Verantwortlich für den Klassenerhalt ist nun Thomas Silberberger. Der hatte jüngst seinen Vertrag bei der Admira aufgelöst, nachdem man ihn dort vor die Tür gesetzt hatte. Den Aufstieg im ersten Jahr hatte er verpasst, nun sahen die Panther diesen wieder in Gefahr.
Aber der Tiroler kennt die Situation, war mit der WSG Tirol öfters in Abstiegsnot. "Er ist ein Menschenfänger und das ist genau das, was die Spieler brauchen. Er wird sie aufrichten und die richtigen Worte finden", so der Präsident. Als Experte habe er die Gegner auch schon sehr lange im Blick.
Ob er bei noch laufendem Vertrag gekommen wäre, weiß Riegler nicht. Er schaut sich in erster Linie verfügbare Trainer an und "ich hatte immer im Kopf, dass er einmal bei uns Trainerkandidat sein könnte." Es drängt sich die Frage auf, ob hier nicht zu viel dem Zufall überlassen wird.

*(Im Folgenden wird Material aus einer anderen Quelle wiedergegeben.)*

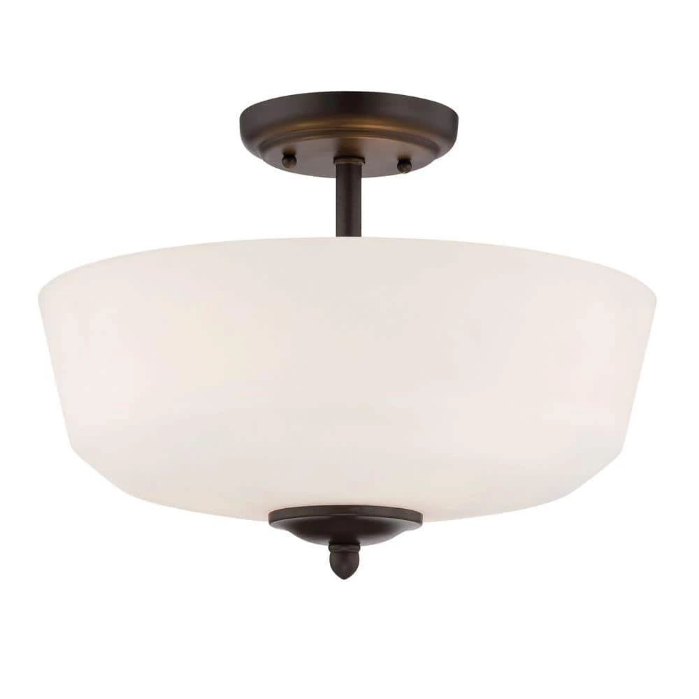 Darcy semi-flushmounts feature a clean design with sleek lines and a softly molded opal glass shade, adding a touch of sophistication and modern elegance. These fixtures are built with protective oil rubbed bronze finish over a steel construction to look great and last for years to come.
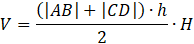Zapisz wzór na objętość ostrosłupa o podstawie trapezu ABCD.
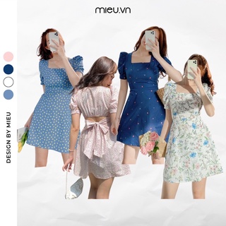 Váy nữ hoa nhí MIEU dáng chữ A cổ vuông tay phồng cột sau - HM05
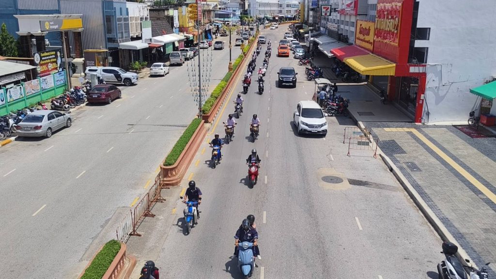 3.) ปล่อยขบวนรณรงค์รถจักรยานยนต์สวมหมวกนิรภัยตามเส้นทางโครงการตั้งแต่วงเวียนหอนาฬิกาถึงแยกบางแก้ว
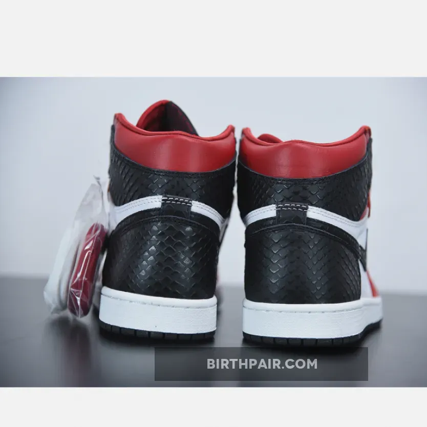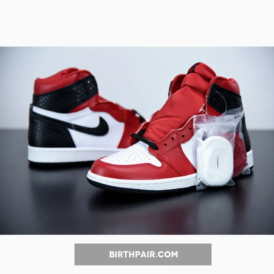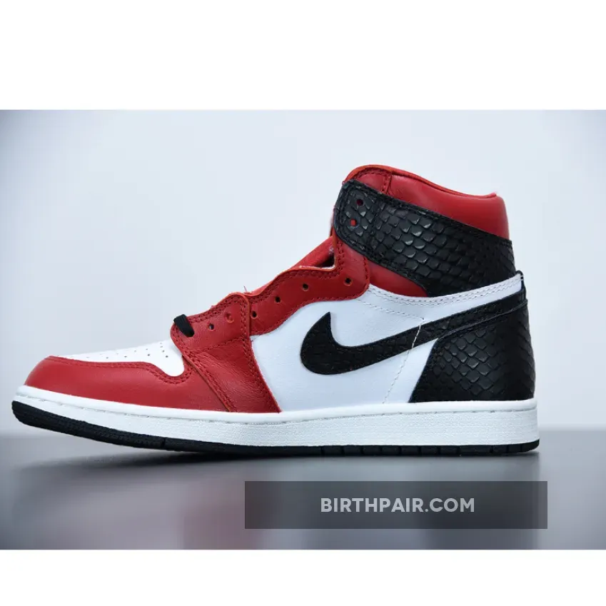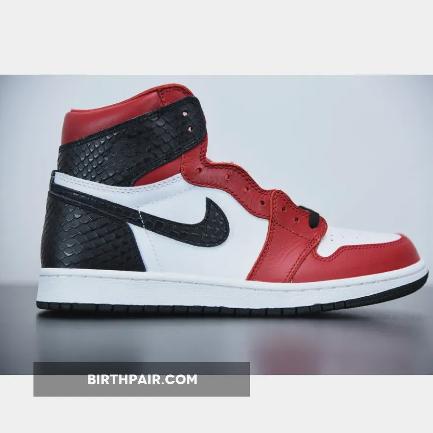 Dressed in a Gym Red, White, and Black color scheme. This Air Jordan 1 has a similar look to the OG “Chicago” colorway built with satin and snakeskin textured material.

Das sei für einen kleinen Verein wie den WAC aber nicht anders möglich. "Wir sind ja kein Verein, der regelmäßig um die Spitzenplätze mitspielt. Die Leute jammern ja bei uns schon, wenn wir nur Siebter werden, man muss schon sehen, wo wir herkommen!", erinnert Riegler. Er meint damit vermutlich den schnellen Aufstieg von der Landesliga in die Bundesliga zwischen 2007 und 2012.
Wir versuchen, dass der Worst-Case nicht eintritt. Aber wenn Sie mich so fragen, ist mein Standpunkt, dass ich eine Aufstiegsmannschaft zusammenstelle.
Und nun?
Allerdings sei hier bei allem Verständnis Einordnung notwendig: Die Lavanttaler erzielten 2024/25 einen Umsatz in der Höhe von 17,4 Mio. Euro. Das ist ein Viertel bis ein Drittel mehr als Ried oder Blau-Weiß Linz.
Gemessen daran erscheint die aktuelle sportliche Lage umso erklärungsbedürftiger. Allerdings landete man mit weniger auch schon vor Klubs, die mehr Geld haben. Nun geht es ohnehin einmal um den Klassenerhalt.
Der neue Trainer freut sich indes in einem öffentlichen Statement auf die Aufgabe: "Es war für mich klar, dass ich das unbedingt machen will, weil für mich der WAC schon eine Topmannschaft in Österreich ist, vor allem was die Vergangenheit betrifft. Ich sehe es als Herausforderung, und eigentlich kann man ja nur nach vorne starten. Die Aufgabe ist eine sehr coole."
Ob die Wölfe diesmal ein glückliches Händchen haben, wird sich weisen. Während viele Funktionäre in ähnlicher Situation nur das Notwendigste mit den Medien sprechen und Untergangsszenarien kategorisch ausschließen, tut Riegler das nicht. Zwar sagt er: "Wir versuchen, das Beste herauszuholen und dass der Worst-Case nicht eintritt."
Aber der Vertrag für Silberberger gilt auch für die 2. Liga. Zwar habe sich der Präsident noch keine großen Gedanken über den Abstieg gemacht, aber "wenn Sie mich so fragen, ist mein Standpunkt, dass ich eine Aufstiegsmannschaft zusammenstelle."